Un soir de janvier, alors que des écoliers de toute la Chine se préparaient pour les examens finaux avant les vacances d'hiver, le professeur de mathématiques de Zehao a appelé à 22 heures : elle lui a dit qu'il y avait des erreurs dans les exercices de géométrie qu'il venait de publier sur WeChat.
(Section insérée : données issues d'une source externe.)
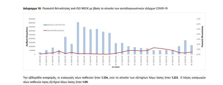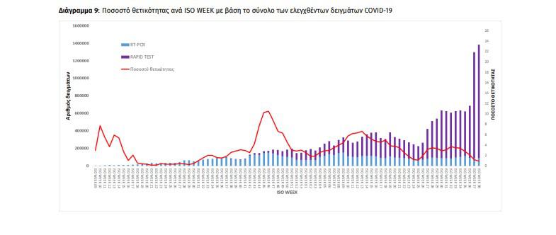 Την εβδομάδα αναφοράς, το ποσοστό θετικότητας ήταν 1.01% σε σύνολο 1.383.029 εργαστηριακών ελέγχων (RT-PCR/Rapid-Ag) και 0.48% σε σύνολο 1.143.810 αυτοδιαγνωστικών ελέγχων. Στο σύνολο των ελέγχων, το ποσοστό θετικότητας ήταν 0.55%.
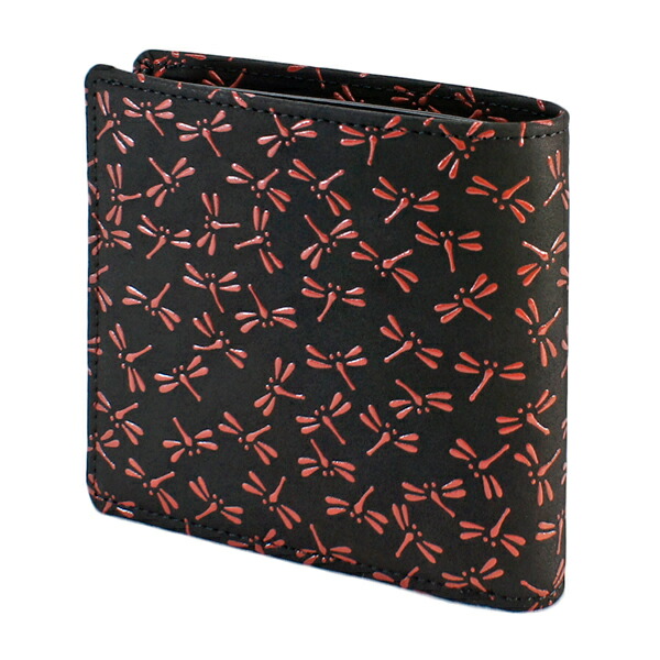印伝 甲州印伝 印傳屋 上原勇七 財布 二つ折り財布 2009 とんぼ 黒地×赤漆 鹿革 本革 レザー キャッシュレス 和柄 ブランド 冬ギフト バレンタイン 贈り物 YM01
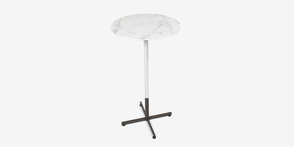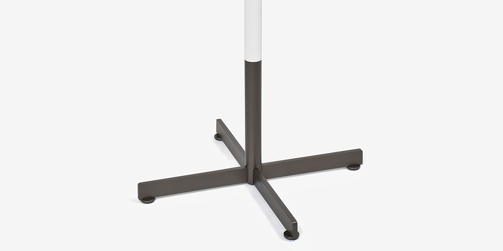 ベース下部はサテン仕上げのバーニッシュドスチール製で、クロスデザインがアクセントになっています。脚の上部は天板に合わせたカラーのホワイトで仕上げています。
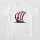 Esta camisa apresenta um gráfico simples e ousado de um navio viking tradicional com cabeça de dragão e vela listrada, que se apresenta em busca de aventura.
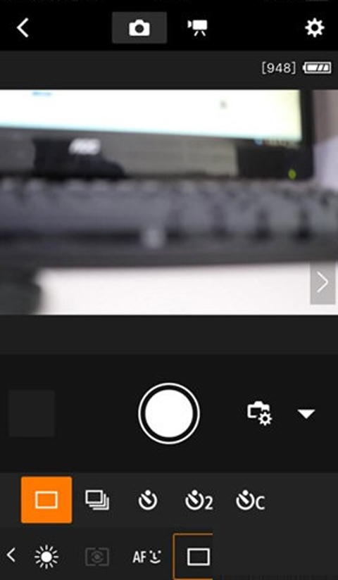 2、链接并进入到该软件的实时拍摄界面后,相机相关设置的调整就在界面的最下端,长方形方框的图标就是驱动模式(单拍,连拍,定时拍摄)的设置的,想要连拍的话需要把设置调整到多个长方形那一项即可,如下图所示:
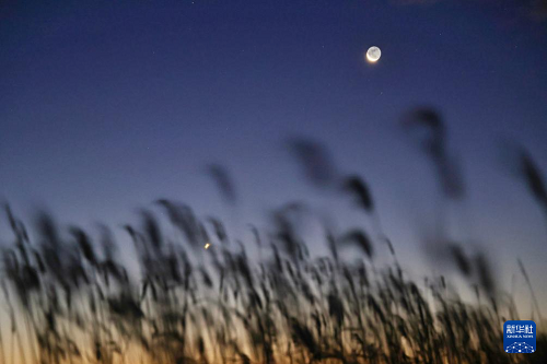 10月20日在黑龍江省齊齊哈爾市拍攝的啟明星伴月。(新華社發 王勇剛 攝)
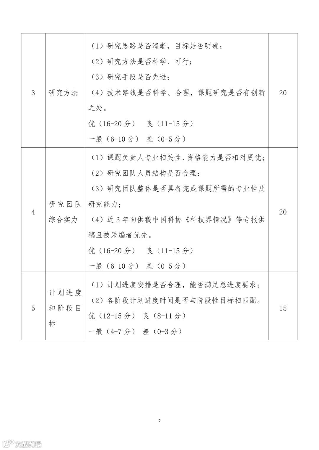 2.中国科协战略发展部将委托第三方机构对申报单位进行资格审查,符合条件的申报单位方可进入评审,采用综合评分法进行评审,评审指标详见附件2。
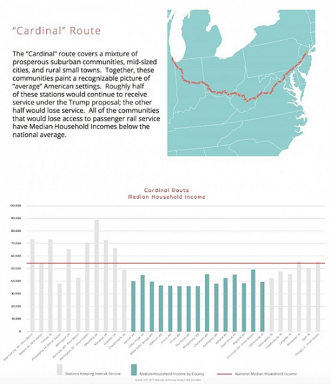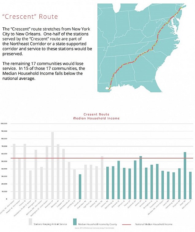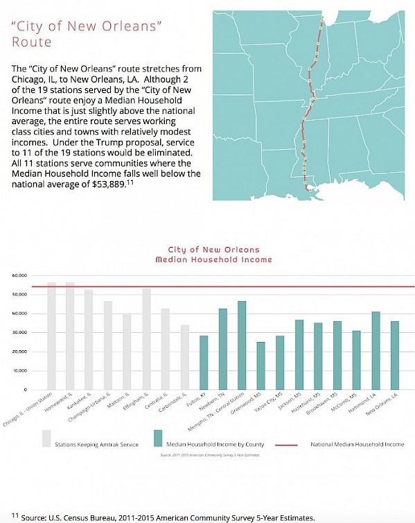 Consider the City of New Orleans, which stretches from Chicago, IL, to New Orleans, LA. Just 2 of the 19 stations served by the “City of New Orleans” route enjoy a Median Household Income just slightly above the national average, while the entire route serves working class cities and towns with relatively modest incomes. If you eliminated this train, service to 11 of the 19 stations would be eliminated. All 11 stations serve communities where the Median Household Income falls well below the national average of $53,889. I’ve included a full breakdown of median income of communities along three Amtrak routes from our September 2017 report “Dismantling a National Transportation Network” (which we produced in response to the Trump Administration’s proposal to eliminate all National Network rail service) in an appendix to this statement.

L'enseignante l'a exhorté à corriger ses exercices et à publier une photo des exercices réécrits dès que possible afin qu'elle puisse les revoir avant minuit. Les mathématiques ne sont pas le sujet préféré de Zehao, il rend donc souvent ces devoirs tardivement sur WeChat. Pendant ce temps, le téléphone de sa mère sonne alors que d'autres élèves classent leurs devoirs et que l'enseignant envoie des rappels. Chen dit qu'elle doit parfois faire taire son téléphone.
Les experts conviennent que l'application de messagerie intensifie la pression 24 heures sur 24 qui imprègne déjà le système éducatif chinois. Cela porte atteinte à la vie privée des élèves et affecte le développement de leur caractère, explique Xiong Bingqi, directeur adjoint de l'Institut de recherche sur l'éducation du 21e siècle. Nous devons être clairs sur la manière dont cette plate-forme technologique peut être utilisée.

Li Guibin vérifie WeChat pour voir quels sont ses devoirs de mathématiques.
Zehao est sceptique quant à la manière dont WeChat peut aider les étudiants à mieux apprendre : l'application a non seulement rendu les devoirs de classement instantanés, mais a également rendu instantanés le partage et la copie des devoirs terminés. L'application n'est en fait pas très utile, dit-il. Une porte-parole de Tencent a refusé de commenter.

Les élèves déposent leurs devoirs de mathématiques dans leur classe virtuelle sur WeChat.
Pour les étudiants plus jeunes, l'utilisation de WeChat est moins impitoyable mais toujours intrusive. Lors de son premier jour d'école ce semestre de printemps, Li Guibin, un élève de troisième année à Tianjin, avait l'après-midi libre parce que c'était le festival des lanternes. Après son retour à la maison, son professeur de mathématiques a envoyé un rappel à son groupe de classe sur les exercices de division dont les élèves avaient besoin pour terminer cet après-midi, mais au moins les exercices devaient être effectués le lendemain matin, et non via WeChat le même jour. Quand il était en première année, certains parents avaient de très vieux téléphones et ne connaissaient pas WeChat, explique la mère de Guibin, Zhuang Yanfei, 30 ans. Mais ils ont tous acheté de nouveaux téléphones et ont appris à s'en servir.
Toutes les écoles ne vont pas à de tels extrêmes lors de l'intégration de WeChat dans les salles de classe. Yan Xu, qui enseigne la langue et la littérature chinoises en troisième année à Tianjin, explique qu'en plus d'informer les parents des événements scolaires, son école utilise WeChat uniquement pour présenter d'excellents devoirs. Si nous louons les bons, d'autres parents encourageront également leurs enfants à travailler dur, dit-elle.
Mais nourrir de jeunes esprits demande plus que cela. WeChat n'est que la dernière plate-forme qui sert d'intermédiaire entre les interactions entre les enseignants, les parents et les élèves, explique Danah Boyd, chercheuse chez Microsoft qui étudie les médias sociaux et auteur de C'est compliqué : la vie sociale des adolescents en réseau . Aucune intervention autour de la technologie ne fera de différence si la culture de l'autocuiseur ne change pas.